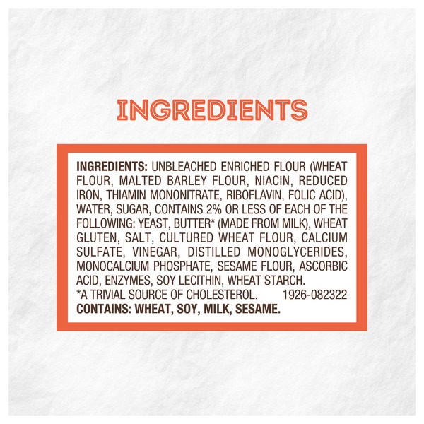 Unbleached Enriched Flour (wheat Flour, Malted Barley Flour, Niacin, Reduced Iron, Thiamin Mononitrate, Riboflavin, Folic Acid), Water, Sugar, Contains 2% Or Less Of Each Of The Following: Yeast, Butter* (made From Milk), Soy Flour, Wheat Gluten, Cultured Wheat Flour, Salt, Calcium Sulfate, Vinegar, Monoglycerides, Enzymes, Monocalcium Phosphate, Ascorbic Acid, Niacin, Reduced Iron, Thiamin Mononitrate, Riboflavin, Folic Acid, Soy Lecithin.
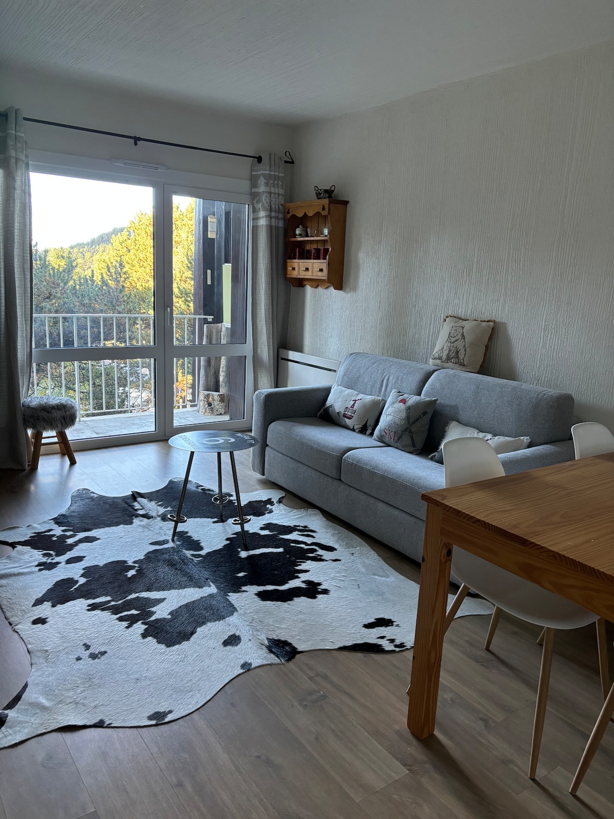 Apartamento de montaña acogedor totalmente nuevo situado en Angoustrine. Exposición orientada al sur, zona muy tranquila y muy bien expuesta. Consta de una cocina americana equipada y un salón que consta de una sala de estar + sofá cama con acceso a una terraza privada con impresionantes vistas a la cadena de los Pirineos Francesa y Española. Dos habitaciones equipadas con camas de matrimonio, una de ellas con acceso a la terraza. Baño con ducha italiana y aseo separado. Calefacción estufa de pellets
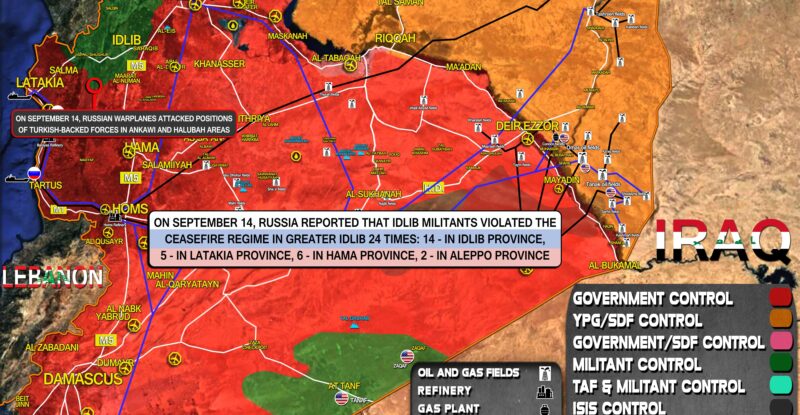 On September 14, Russia reported that Idlib militants violated the ceasefire regime in Greater Idlib 24 times: 14 – in…

____________________

What to work on: The answer is the listing above restated word for word, pictures removed.

Task response:
 Unbleached Enriched Flour (wheat Flour, Malted Barley Flour, Niacin, Reduced Iron, Thiamin Mononitrate, Riboflavin, Folic Acid), Water, Sugar, Contains 2% Or Less Of Each Of The Following: Yeast, Butter* (made From Milk), Soy Flour, Wheat Gluten, Cultured Wheat Flour, Salt, Calcium Sulfate, Vinegar, Monoglycerides, Enzymes, Monocalcium Phosphate, Ascorbic Acid, Niacin, Reduced Iron, Thiamin Mononitrate, Riboflavin, Folic Acid, Soy Lecithin.
 Apartamento de montaña acogedor totalmente nuevo situado en Angoustrine. Exposición orientada al sur, zona muy tranquila y muy bien expuesta. Consta de una cocina americana equipada y un salón que consta de una sala de estar + sofá cama con acceso a una terraza privada con impresionantes vistas a la cadena de los Pirineos Francesa y Española. Dos habitaciones equipadas con camas de matrimonio, una de ellas con acceso a la terraza. Baño con ducha italiana y aseo separado. Calefacción estufa de pellets
 On September 14, Russia reported that Idlib militants violated the ceasefire regime in Greater Idlib 24 times: 14 – in…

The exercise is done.